DistOS 2015W Session 9

Anderson et al., "SETI@home: An Experiment in Public-Resource Computing" (CACM 2002) (DOI) (Proxy)
Anderson, "BOINC: A System for Public-Resource Computing and Storage" (Grid Computing 2004) (DOI) (Proxy)
Dean & Ghemawat, "MapReduce: Simplified Data Processing on Large Clusters" (OSDI 2004)
Murray et al., "Naiad: a timely dataflow system" (SOSP 2013)

Session 9 is about processing large volumes of data (big data).

BOINC and SETI@home are crowdsourced systems that spread the input data across computers via the internet to have each chunk individually processed and returned back to the sender.

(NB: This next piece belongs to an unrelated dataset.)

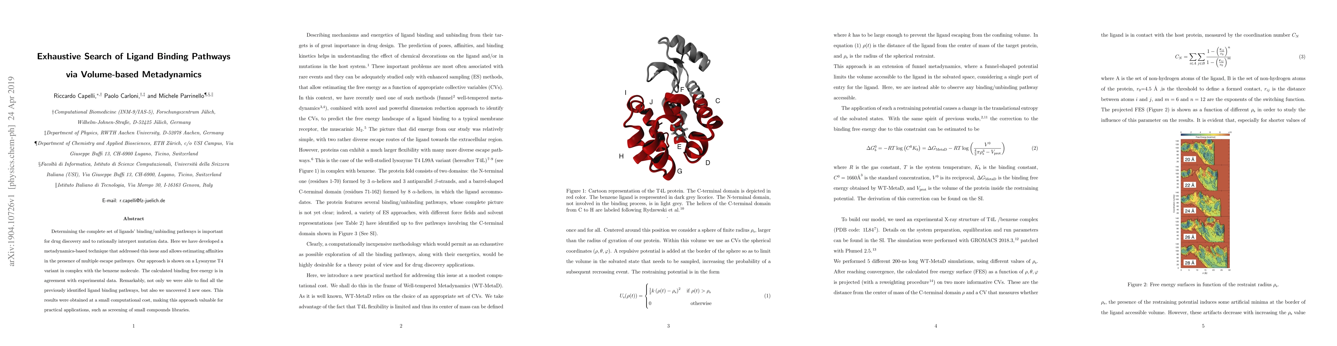 Determining the complete set of ligands' binding/unbinding pathways is important for drug discovery and to rationally interpret mutation data. Here we have developed a metadynamics-based technique that addressed this issue and allows estimating affinities in the presence of multiple escape pathways. Our approach is shown on a Lysozyme T4 variant in complex with the benzene molecule. The calculated binding free energy is in agreement with experimental data. Remarkably, not only we were able to find all the previously identified ligand binding pathways, but also we uncovered 3 new ones. This results were obtained at a small computational cost, making this approach valuable for practical applications, such as screening of small compounds libraries.
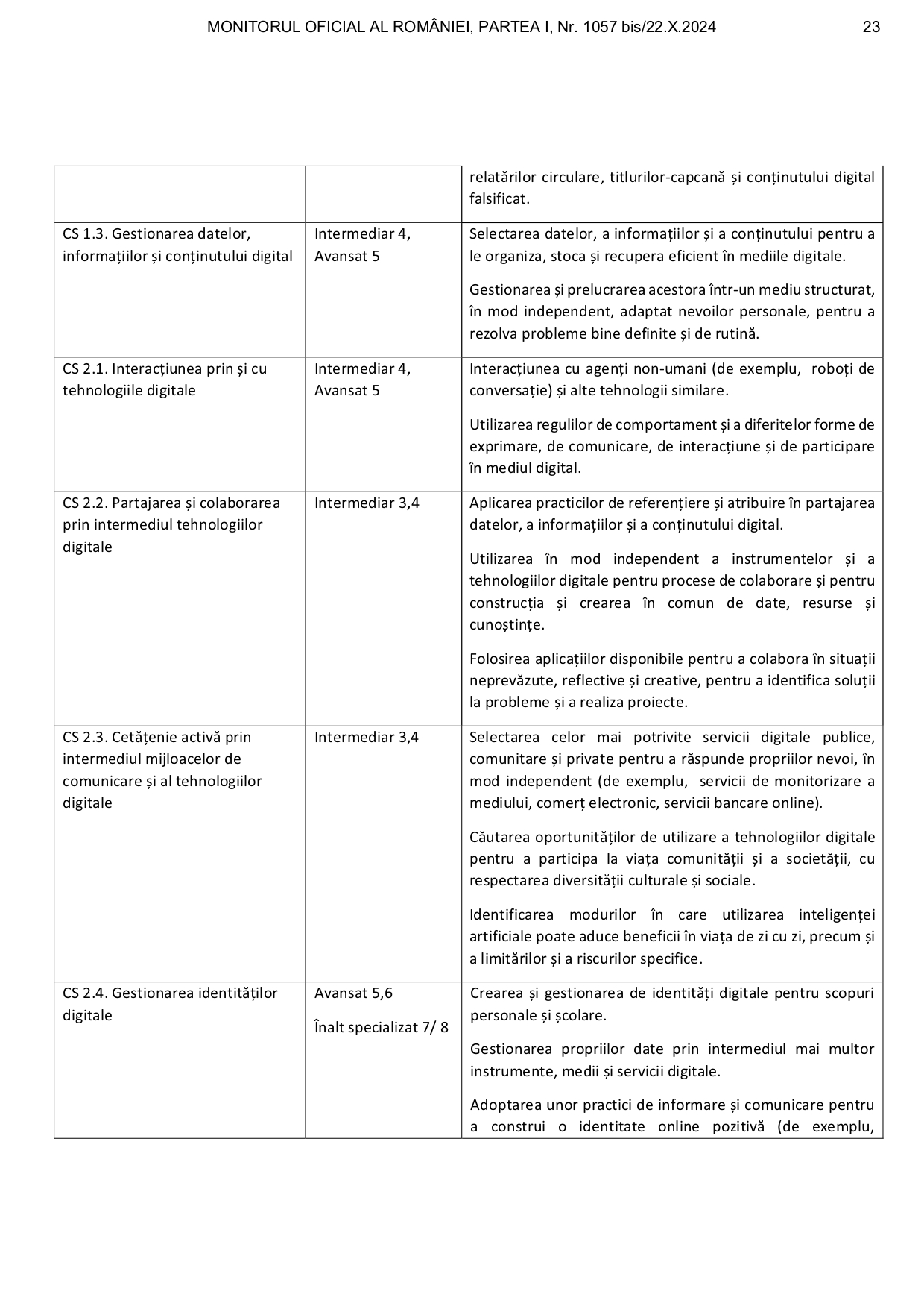 (4) Alte arii de competență vizează alfabetizarea informațională și a datelor, comunicarea și colaborarea digitală, crearea de conținut digital, siguranța cibernetică și utilizarea responsabilă a tehnologiei. Aceste arii acoperă o gamă largă de abilități, de la căutarea și evaluarea informației până la crearea de conținut digital și aplicarea tehnologiei în diverse domenii (de exemplu, antreprenoriat, științe, arte etc.).

MapReduce and Naiad are more technically challenging systems that not only let nodes process individual chunks of data but also combine and fold them together to allow algorithms to process various aggregate results from the input data set.

BOINC

Public Resource Computing Platform
Gives scientists the ability to use large amounts of computation resources.
The clients do not connect directly with each other but instead they talk to a central server located at Berkley
The goals of Boinc are:

1) reduce the barriers of entry
2) Share resources among autonomous projects
3) Support diverse applications
4) Reward participants.
5) Provide screensaver graphics

It can run as applications in common language with no modifications
A BOINC application can be identified by a single master URL, which serves as the homepage as well as the directory of the servers.
Servers perform set of function using:
- Scheduling servers: handles Remote Procedure Call from clients
- Data servers:helps to manage the uploads

Can only work on data that can be split into many small shards and each shard processed entirely independently. Pure mappings on big data, no larger folding capabilities. Was used for scientific purposes mostly.

SETI@Home

Uses public resource computing to analyze radio signals to find extraterrestrial intelligence
Need good quality telescope to search for radio signals, and lots of computational power, which was unavailable locally
It has not yet found extraterrestrial intelligence, but its has established credibility of public resource computing projects
Originally custom, now uses BOINC as a backbone for the project
Uses relational database to store information on a large scale, further it uses a multi-threaded server to distribute work to clients
Quality of data in this architecture is untrustworthy, the main incentive to use it, however, is that it is a cheap and easy way of scaling the work exponentially.
Provided social incentives to encourage users to join the system.
This computation model still exists but not in the legitimate world.
Formed a good concept of public resource computing and a distributed computing by providing a platform independent framework

MapReduce

A programming model presented by Google to do large scale parallel computations
Uses the Map() and Reduce() functions from functional style programming languages

Map (Filtering)

Takes a function and applies it to a bunch of keys to produce values

Hides parallelization, fault tolerance, locality optimization and load balancing

Reduce (Summary)

Accumulates results from the data set using a given function

Very easy to use and understand, with many classic problems fitting this pattern
Otherwise quite constrained in what exactly can be done
Uses hashing to distribute similar keys to similar machines, but otherwise spread the load

Naiad

A programming model similar to MapReduce but with streaming capabilities so that data results are almost instantaneous
A distributed system for executing data parallel cyclic dataflow programs offering high throughput and low latency
Aims to provide a general purpose system which will fulfill the requirements and the will also support wide variety of high level programming models.
Highly used for parallel execution of data
Provides the functionality of checkpoint and restoring
A complex framework that can be the backend for simpler models of computation like LINQ or MapReduce to be built on top of.
Real Time Applications:

Batch iterative Machine Learning:

VW, an open source distributed machine learning performs iteration in 3 phases: each process updates local state; processes independently training on local data; and process jointly performed global average which is All Reduce.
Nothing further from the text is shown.